The CoDriVE – Visual Integrator 3D Surface Model is an innovative tool that empowers villagers to visualise their surface topography from a bird’s eye view perspective. Developed by WOTR and its research arm W-CReS (WOTR Centre for Resilience Studies), CoDriVE- Visual Integrator is a community-driven tool that enables people to visualise their environment and makes it easier to understand how it is changing over time. It also helps to articulate and visualise the changes in landscape and enables villagers to take necessary measures to preserve the health of ecosystems and maintain its sustainability.

Community discussing and demarcating topographical features on the model

CoDriVE – VI in Use

Recently, the CoDriVE tool was implemented in the Akole and Bhokardan blocks of Maharashtra, where inhabitants from nine and three villages respectively, took part in a workshop. Initially the facilitator sought the participants’ understanding about ecosystems in their villages. The participants recognised the ecosystems in their villages and the variety of services they provide that sustain farmers’ livelihoods.

During the process of creating a surface 3D model and delineating different topographic features of their village, the participants were able to visualise changes in the landscape over the past few years. By utilising indigenous and local knowledge of communities regarding their natural resources, CoDriVE- VI adopts a participative visualization approach, which strengthens model-making techniques and provides grounded perspectives for the outcome of models.

Villagers gathered together for a CoDriVE visualisation exercise
Villagers gathered together for a CoDriVE visualisation exercise

Through this exercise, the participants gained an awareness of the harmful effects of human activities such as deforestation and land encroachment on the environment and on human health. Overuse of chemical fertilizers had resulted in soil and water quality deterioration. Furthermore, agriculture land was found to be expanding into grazing fields, while the number of wells and bore wells had increased, leading to depleting groundwater levels. Additionally, livestock numbers had declined due to land encroachment. If land surface temperature increased, evaporation and transpiration loss would also increase, potentially jeopardising water availability.
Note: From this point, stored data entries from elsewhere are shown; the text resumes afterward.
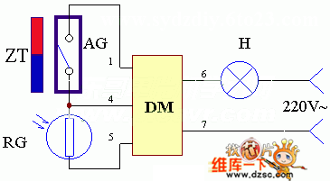 該裝置應(yīng)用電路工作原理如圖3。它可用于倉庫、辦公室或其它場(chǎng)所作開門燈之用。當(dāng)永久磁鐵ZT與干簧管AG靠得很近時(shí),由于磁力線的作用,使AG內(nèi)兩觸片斷開,控制器DM的④端無電壓,照明燈H中無電流通過,故燈H熄滅。一旦大門打開,控制器DM開通,H點(diǎn)亮。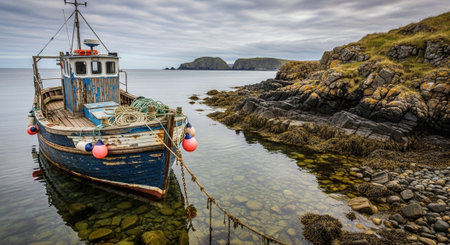 Ships are moored at the harbour in Burtonport, Donegal - Ireland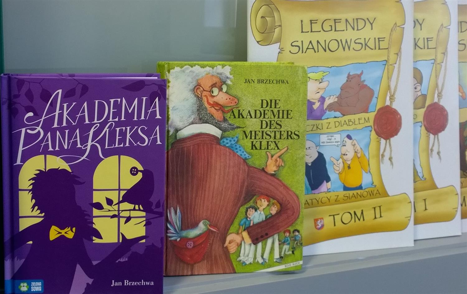 Na specjalnej półce obok „Akademii pana Kleksa” stoi „Akademie des Meisters Klex”, a obok „Lokomotywy” – „Die Lokomotive”. Ogrzewa się przy nich kilka tomów „Legend sianowskich”, polsko-niemiecki zbiór baśni, pięknie wygląda polskie tłumaczenie popularnej w Niemczech, przełożonej na różne języki, bogato ilustrowanej opowieści „Śnieżek, kim jestem?”, napisanej przez znanych w Niemczech turecko-niemieckich autorów İbrahima Çayıra i Mustafę Cabe (ilustracje: Esin Sahin). Stoją tu też polskie książki i albumy, podarowane przez miasto Police, od wielu lat współpracujące z Pasewalkiem. Obok „Cudów Polski” jest kolorowy słownik niemiecko-arabski.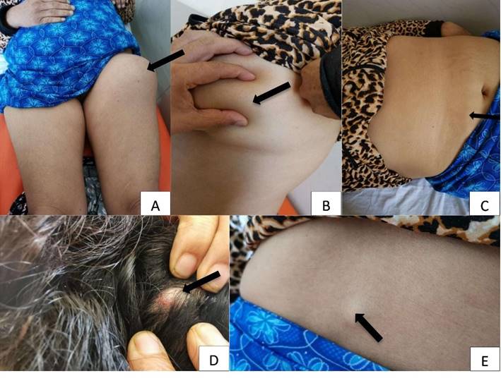 Dos años más tarde, la paciente volvió al servicio refiriendo tumores en la región del muslo izquierdo, la mama y el cuero cabelludo. La exploración física reveló varios tumores duros, uno en la región proximal del muslo izquierdo, otro en el cuadrante superior externo de la mama izquierda. En la exploración abdominal presentaba un aparente tumor hepático que sobrepasaba el reborde costal derecho. Además de múltiples lesiones nodulares en el cuero cabelludo y una en la región lumbar (Figura 1).

The utilization of the CoDriVE tool played a crucial role in aiding participants to understand the importance of preserving their ecosystem for the well-being of future generations.

A CoDriVE model
Final model of Akole block consisting of 9 villages

It is essential to comprehend and safeguard ecosystems to ensure a healthy planet for all living beings. It is evident that the adverse impacts of climate change on ecosystem services will ultimately affect communities in the long run and CoDrive helps communities visualise this change and take appropriate measures for reviving and conserving their ecosystems.

In conclusion, the CoDriVE Visual Integrator 3D Surface Model has proven to be an effective tool in helping communities comprehend and visualize the significance of ecosystem services and their sustainability. It is crucial to conserve forests and other natural resources for future generations. By safeguarding our ecosystems, we can ensure a healthy planet for all living beings.